あと二分で開店、という時に、その電話がかかってきた。レジ横にある子機を取る。
「おはようございます。椅子カフェ堂です」
『すみません。今夜予約をしたいのですけど空いてますか?』
 どこかで聴いたことのある、落ち着いた女性の声。
「ありがとうございます。何時くらいがよろしいでしょうか?」
『ラストオーダーは七時半でしたよね?』
「はい。閉店時間が八時になります」
『じゃあ七時に二名お願いしたいのですが』
「かしこまりました。お名前をお伺いしてもよろしいでしょうか?」
『たまにそちらにお邪魔している、田原と言います』
「もしかして、チーズケーキを気に入って下さった……」
『そう、あなたのファンよ。よろしくお願いしますね』
 あの人だ。前に言っていた通り、本当に予約を入れてくれたんだ。
「はい! お待ちしております」
 以前ここへ来た時に一瞬彼女を疑ってしまったけど、そんなことは有り得ない。彼女の声を聴いてそれを確信した。

 七時を回る少し前に、電話で予約を入れてくれた彼女が一人の男性を連れて店にやってきた。
「こんばんは。予約を入れた田原です」
「いらっしゃいませ。ご予約ありがとうございます」
「急にごめんなさいね」
「いいえ、とても嬉しかったです。どうぞこちらへ」
 二人を壁際の席へ案内し、お水とメニューを用意した。

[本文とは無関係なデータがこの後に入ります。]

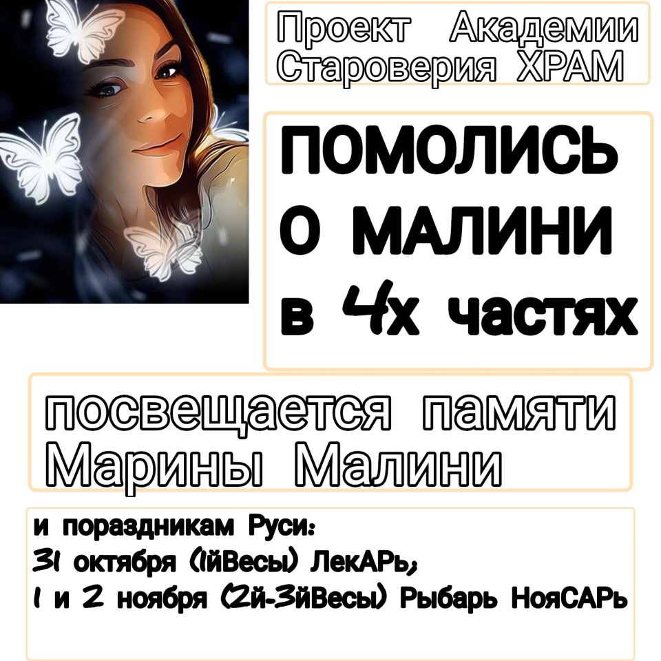 ПОМОЛИСЬ О МАЛИНИ Проект Академии Староверия ХРАМ Памяти Марины Малини, родившейся 2 ноября и покинувшей сей мир 18 декабря 2023, как образ Руского пораздника Ноясар Рыбарь 1 ноября. Светлой дороги нашей современнице и подвижнице Малини, показавшей на своем канале Академию Руских Изтин уникального Хранителя Знания Руси Вячеслава Куланова!( https://академия-храм.рус/) Молитва 1. 1.Помолись о Малини, не много не мало: Ровно столько, чтоб воли ей к жизни достало. Для любых воплощений: земных, иномерных, Для прекрасных творений – и дерзких, и мирных! 2.Помолись о Малини, о лучшем маршруте – Нет сомнений в помине, найтись в перепутье. Для знакомств, путешествий и новых открытий – Все на свете молитвы вы соедините! 3.Кто умеет, по-руски, иль даже без слова, Умолите Малини придти сюда снова, Чтобы с ней не искали вражды, не судили Те, кто в ней свою копию лишь находили! 4.Не посмели чтоб Мойры ни грубые Парки Рвать своим произволом ее выбор яркий Чтоб везде пролетала она, проходила, Чтоб энер

ホールは料理を出し終わったお客さんが二組いるだけで、比較的落ち着いていた。
 手を上げた田原さんのところへオーダーを受けに行く。
「お決まりですか?」
「私はバターチキンカレーを」
「僕は肉じゃがコロッケのワンプレート。玄米ご飯でお願いします」
「食後にカプチーノとチーズケーキ二人分ね」
「かしこまりました」
 厨房で店長にオーダーを告げてレジに行き、お客さんの会計をする。しばらくしてもう一組のお客さんが帰り、ホールには田原さんと男性だけが残った。
 田原さんが鞄からタブレットを取り出して、男性に見せて熱心に何かを説明している。彼女は一人の時でも忙しそうだけど、食事をしている時やスイーツを口にした時だけは、まるで時間の流れが変わったかのようにゆったりと味わっている。彼女が印象的に見えたのは、そのギャップのせいかもしれない。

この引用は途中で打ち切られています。